One of the great strenghts of Centipede is how well all the different elements of the gameplay fit together. Once the players have played the game just a few times, they have a completely reliable set of expectations about how these enemies will attack them.

  • The centipede appears as either a lone twelve-segment centipede or as a shorter centipede accompanied by a number of single heads. It winds its way down from the top of the screen to the player’s area at the bottom, moving horizontally. Once at the bottom of the screen, the centipede moves back and forth inside the player’s area, posing a great danger to players.

  • The spider moves in a diagonal, bouncing pattern across the bottom of the screen, passing in and out of the player’s area.

  • The flea plummets vertically, straight down.

  • The scorpion travels horizontally across the top half of the screen and hence can never collide with and kill players. But it poisons the mushrooms it passes under.

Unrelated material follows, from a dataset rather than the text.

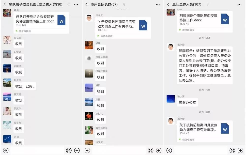为推动系统应对疫情工作更加有效,总队办公室建立了“总队班子成员与处室主要负责人”、“市州县队主要负责人” 、“总队全体人员”三个微信群,仅用于工作交流。
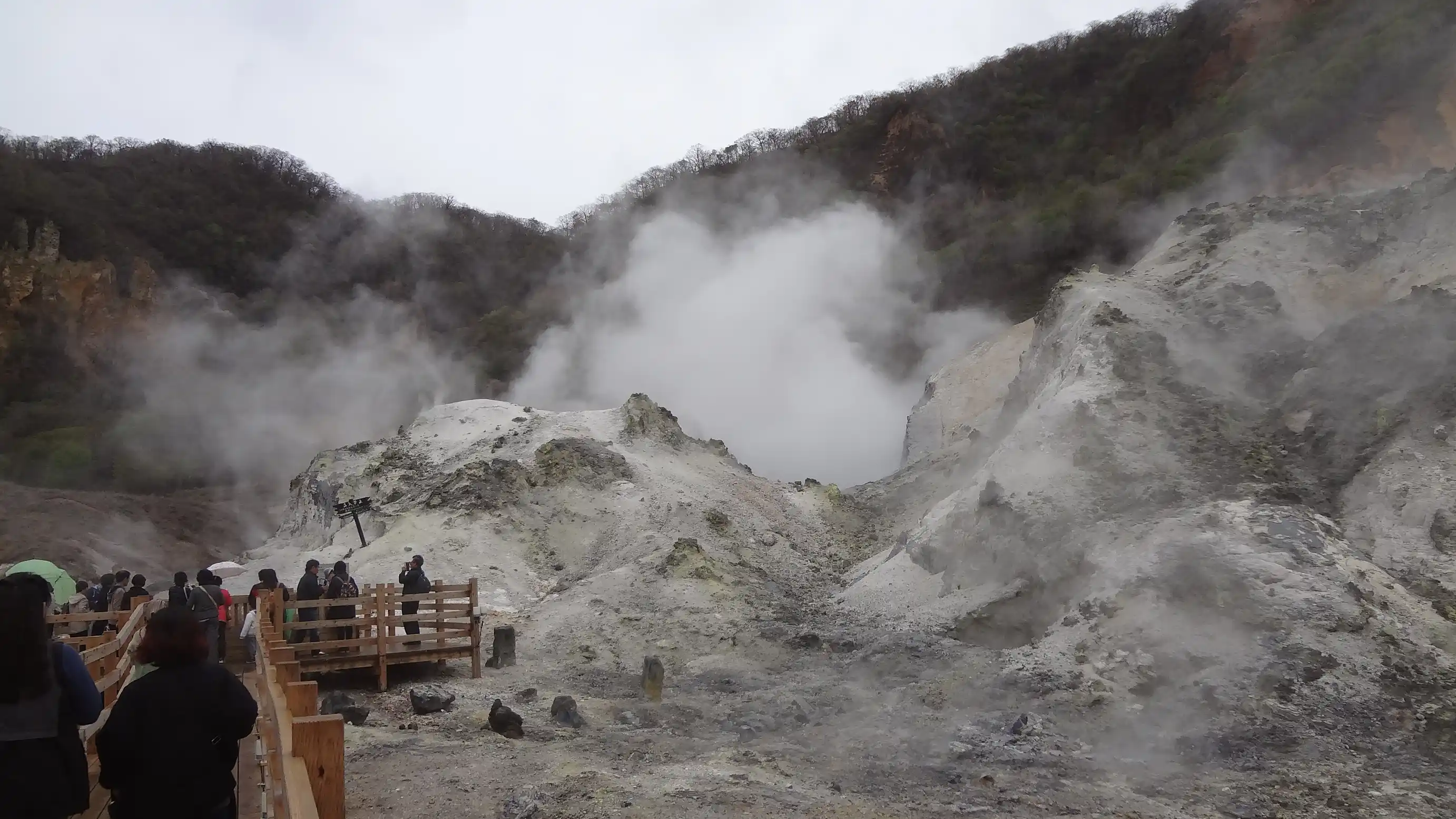 This is Noboribetsu Jigokudani. It was somewhat worth seeing due to the unique scenery.

  • Fighting against any of the creatures by itself would provide very little challenge for players. Yet, when they function together they combine to create uniquely challenging situations for players. With any one of these adversaries missing, the game’s challenge would be significantly diminished, if not removed altogether.

The insects also have a unique relationship to the mushrooms, which fill the game’s play-field.

  • Every time a centipede bumps into a mushroom, it turns down to the next row below, as if it had run into the edge of the play-field. Each segment of the centipede destroyed leaves a mushroom where the segment was destroyed.

  • As the flea falls to the bottom of the play-field, it leaves a trail of new mushrooms behind itself, and the only way for players to stop it is to kill it.

  • The flea comes on to the playfield if less than a certain number of mushroom are on the bottom half of the screen.

  • The spider eats mushrooms.

  • The scorpion poisons the mushrooms. When the centipede hits a poisoned mushroom, it will move vertically straight down to the bottom of the screen.

Therefore, Centipede becomes something of a hybrid between an arcade shooter and a real-time puzzle game.

3.3 Escalating Tension

Centipede creates peaks and valleys in which tension escalates to an apex and, with the killing of the last centipede segment, relaxes for a moment as the game switches over the next wave.

The flea, the only enemy that must be shoot twice in order to be destroyed, also escalate tension over a few seconds. When it is shot just once, its speed increases dramatically and players must quickly shoot it again to avoid being hit.

If players shoot the middle segment of an eleven-segment centipede, it will split into two five-segment centipedes that head in opposite directions. As a result, skilled players will end up going for the head or tail of the centipede to avoid splitting it.

Over the course of a game of Centipede, mushrooms become more and more tightly packed on the play-field.

Centipede also balances its monsters to become harder and harder as player’s scores increase.

The game cycles around once twelve individual heads are spawned, and then becomes harder by only spawning fast centipedes.

The player’s death also provides a brief respite from the tension. When the player’s ship is destroyed, the wave starts over and hence the centipede returns to the top of the screen, and all of the mushrooms on the screen are reset.

Centipede is marvelous at creating and maintaining a tense situation for players, while still providing brief “breathing periods” within the action. Designers of modern games, who are always concerned with ramping up difficuly for players, could learn much by analysing how Centipede keeps players constantly on their toes without ever unfairly overwhelming them.